If the boundary conditions are appropriately chosen, the discrete Fourier transforms for the calculation of $\bar V_{\rm H}({\bf G})$ can be performed analytically [76]. This is possible for the limiting case where $r_{\rm c} = 0$ and the boundary conditions are on a sphere of radius $R$ for the cluster. For a one-dimensional system we choose a torus of radius $R$ and for the two-dimensional system a slab of thickness $Z$ . The electrostatic potential for these systems are listed in Table 2, where $G_{\rm xy} = \left[ g_{\rm x}^2 + g_{\rm y}^2 \right]^{1/2}$ and $J_{n}$ and $K_{n}$ are the Bessel functions of the first and second kind of integer order $n$ .

Table 2: Fourier space formulas for the Hartree energy, see text for definitions.

Dim.	periodic	$(G^2/4\pi) V_{\rm H}({\bf G})$	$V_{\rm H}({\bf 0})$
0	-	$\left( 1 - \cos \left[ R G \right] \right) n({\bf G})$	$2 \pi R^2 n(0)$
1	z	$\left( 1 + R \left( G_{\rm xy} J_1 (R G_{\rm xy}) K_0(R g_{\rm z}) \right. \right.$
		$\left. \left. - g_{\rm z} J_0 (R G_{\rm xy}) K_1(R g_{\rm z}) \right) \right) n({\bf G})$	0
2	x, y	$\left( 1 - (-1)^{g_{\rm z}} \exp \left[ - G Z / 2 \right] \right) n({\bf G})$	0
3	x, y, z	n(G)	0

Hockney's method requires a computational box such that the charge density is negligible at the edges.
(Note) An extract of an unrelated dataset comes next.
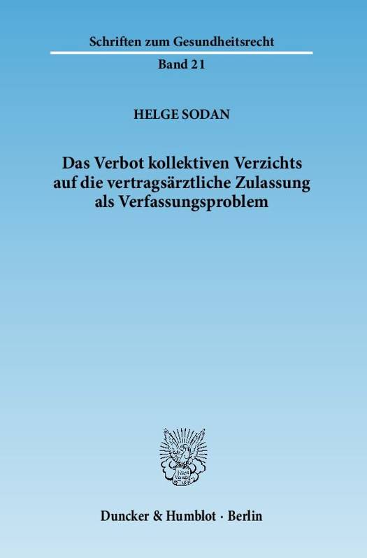 Weil die Vorschrift bereits praktische Bedeutung erlangte, ihre Verfassungsmäßigkeit aber noch nicht abschließend geklärt ist, widmet sich die Untersuchung ausführlich den einschlägigen Verfassungsfragen. Nach einer Erörterung der Voraussetzungen für ein abgestimmtes Verfahren oder Verhalten von Vertragsärzten zeigt die Arbeit schwerwiegende verfassungsrechtliche Einwände gegen das Verbot kollektiven Verzichts, die Wiederzulassungssperre, die Vergütungsregelungen und die nachwirkenden negativen Rechtsfolgen auf.

This is equivalent to the supercell approach [77]. Practical experience tells that a minimum distance of about 3 Å of all atoms to the edges of the box is sufficient for most systems. The Green's function is then applied to the charge density in a box double this size. The Green's function has to be calculated only once at the beginning of the calculation. The other methods presented in this chapter require a computational box of double the size of the Hockney method as they are applying the artificially periodic Green's function within the computational box. This can only be equivalent to the exact Hockney method if the box is enlarged to double the size. In plane wave calculations computational costs grow linearly with the volume of the box. Therefore Hockney's method will prevail over the others in accuracy, speed, and memory requirements in the limit of large systems. The direct Fourier space methods have advantages through their easy implementation and for small systems, if not full accuracy is required, i.e. if they are used with smaller computational boxes. In addition, they can be of great use in calculations with classical potentials.